Странный тон, которым говорит Жорж, заставляет Екатерину Антоновну пристальней вглядеться, и она замечает какую-то странную перемену в лице кузена.
Пробор его так же безукоризнен, лицо так же гладко выбрито, монокль плотно держится в глазу, и Накатова не может уловить, в чем состоит эта перемена,
Не то он похудел и осунулся, не то похорошел.
Сидел он спокойно, заложив ногу на ногу и сложив на колене руки, пристально смотрел в огонь.
— Что с вами, Жорж? — спросила она невольно.
Жорж вздрогнул и вдруг не свойственным ему тоном тихой жалобы, заговорил:
— Скучно, кузина, все как-то надоело — даже противно, словно все окружающее видишь в другие очки, и все не нравится… Хорошо бы было что-то изменить в себе и в других.
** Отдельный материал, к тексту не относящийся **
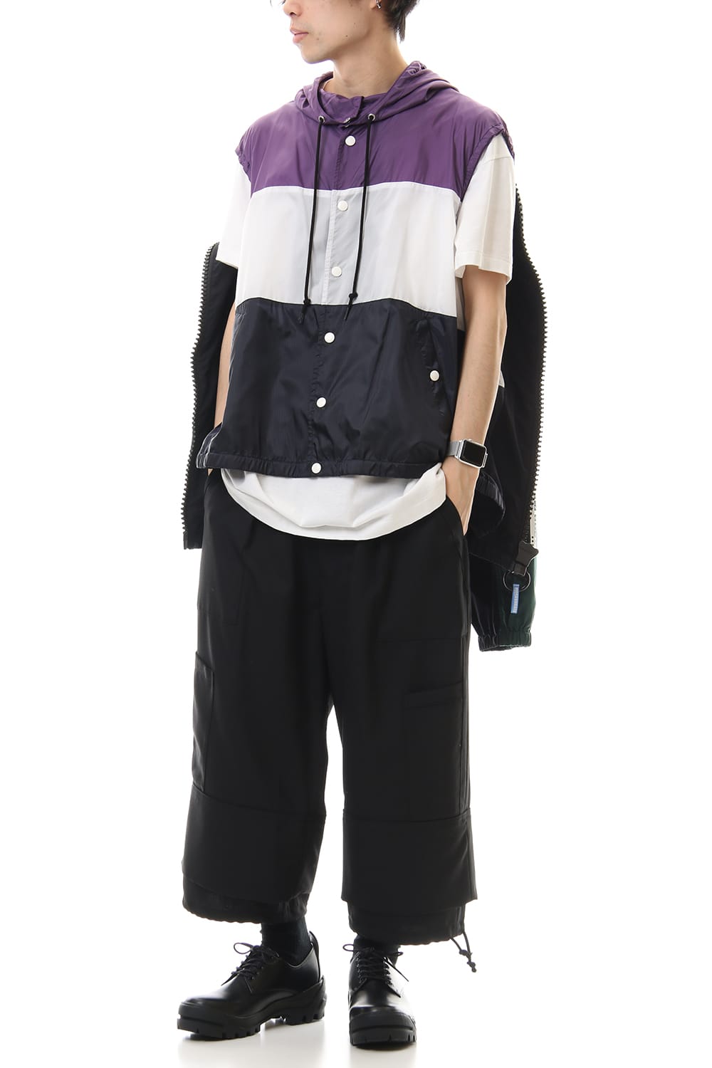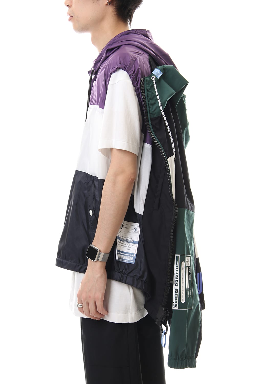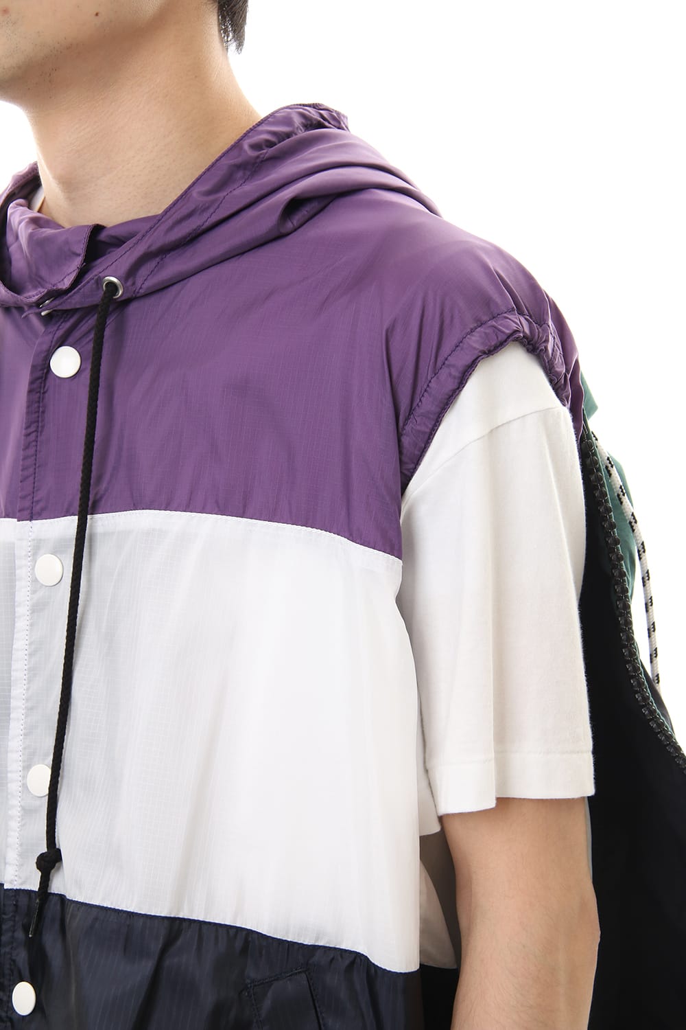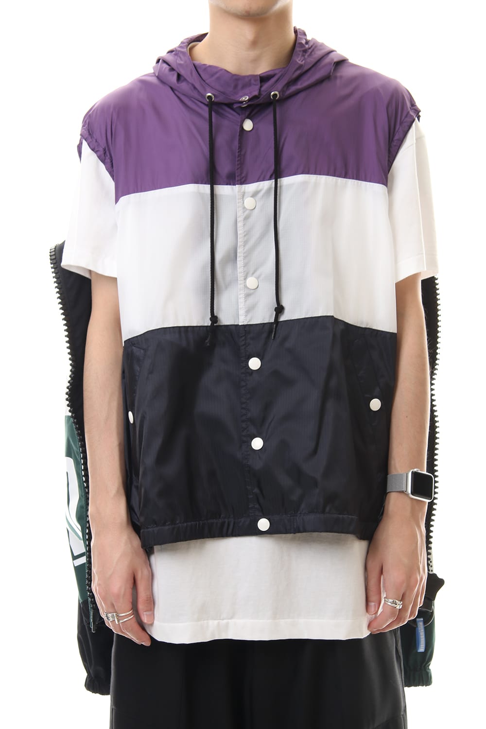表部分はシャツアウター、裏部分はパラシュートなどに使用されるパラシュート素材のノースリーブブルゾン。

А что, неизвестно.
— Бедный Жорж, у вас сплин, — засмеялась она.
— Нет, это не сплин… Вы знаете, Катюша, я вас очень люблю и ужасно рад, что вы не вышли за меня замуж, когда я вам делал предложение.
— Почему? — спросила она, немного удивленная.
— Можно мне говорить с вами откровенно, вы не обидитесь?
— Конечно, нет.
— Вы, Катюша, очень красивая женщина, но как женщина вы мне никогда не нравились.
— Так зачем же вы столько лет изображали влюбленного? — спросила она, вдруг странно задетая.
— Зачем? Я вам этого не скажу, очень уж чувства и мысли мои некрасивы — мне даже вспоминать о них стыдно… Вообще, все чувства, все мои мысли всегда были либо пошлы и глупы, либо скверны, но вчера со мною случилась странная вещь, и вдруг стало тошно смотреть на себя самого и на окружающее, — понимаете, физически тошно.
Жорж неожиданно хрустнул пальцами.
— Что же случилось с вами?
— Собственно говоря, ничего не случилось, но все это… Катюша, милая, ведь вы меня знаете как свои пять пальцев, мне не надо ломаться перед вами и что-то разыгрывать. Мне вот захотелось прийти к вам и поговорить по душе. Все равно вы уж знаете меня. Как человеку с каким-нибудь физическим недостатком легче раздеваться перед людьми, которые все равно уж об этом знают.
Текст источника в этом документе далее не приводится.